Thread: How to make the voice automatically match the sentences in the textbook?

  1. #1

    Thread Starter
    PowerPoster
    Join Date
    Sep 2012
    Posts
    2,083

    How to make the voice automatically match the sentences in the textbook?

    I have some voice files (mp3) which are the pronunciation of all the text sentences in the Enghlish textbooks. Each unit text has an mp3 file, and each text has dozens of sentences. Now I want to achieve the following function:

    When an mp3 file (unit text voice file) is being played, the software will automatically display(match) the sentence in the text corresponding to the voice. In other words, automatically generate the text voice subtitles according to the sentences in the text. (Just like displaying the lyrics of a song)

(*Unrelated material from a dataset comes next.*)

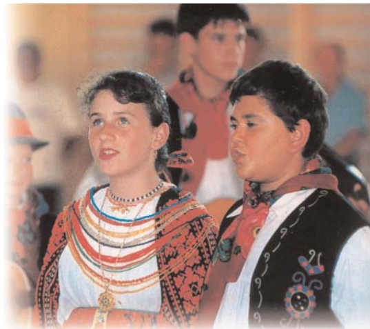
Jugendliche kroatischer Nationalität in Volkstracht

Das Gesetz LXXVII vom Jahr 1993 über die Rechte der Nationalen und Ethnischen

    I know it's not an easy task, any suggestions and hints are welcome. Thanks in advance.
    Last edited by dreammanor; Sep 13th, 2017 at 12:43 PM.

  2. #2
    PowerPoster
    Join Date
    Jun 2015
    Posts
    2,224

    Re: How to make the voice automatically match the sentences?

    Last edited by DEXWERX; Sep 13th, 2017 at 10:43 AM.

  3. #3

    Thread Starter
    PowerPoster
    Join Date
    Sep 2012
    Posts
    2,083

    Re: How to make the voice automatically match the sentences?

    Quote Originally Posted by DEXWERX View Post
    Thank you for the links, DEXWERX. I mean: make the voice and the sentences in the textbooks match automatically.

    The voice files already exist and the sentences in the textbooks already exist. I need the voice and sentences that can be automatically matched when playing the voice file.

    In other words, automatically generate the voice subtitles according to the sentences in the textbooks.

    Note:
    The voice files are the pronunciation of all the text sentences in the Enghlish textbooks.
    Last edited by dreammanor; Sep 13th, 2017 at 11:13 AM.

  4. #4
    PowerPoster
    Join Date
    Feb 2012
    Location
    West Virginia
    Posts
    14,205

    Re: How to make the voice automatically match the sentences in the textbook?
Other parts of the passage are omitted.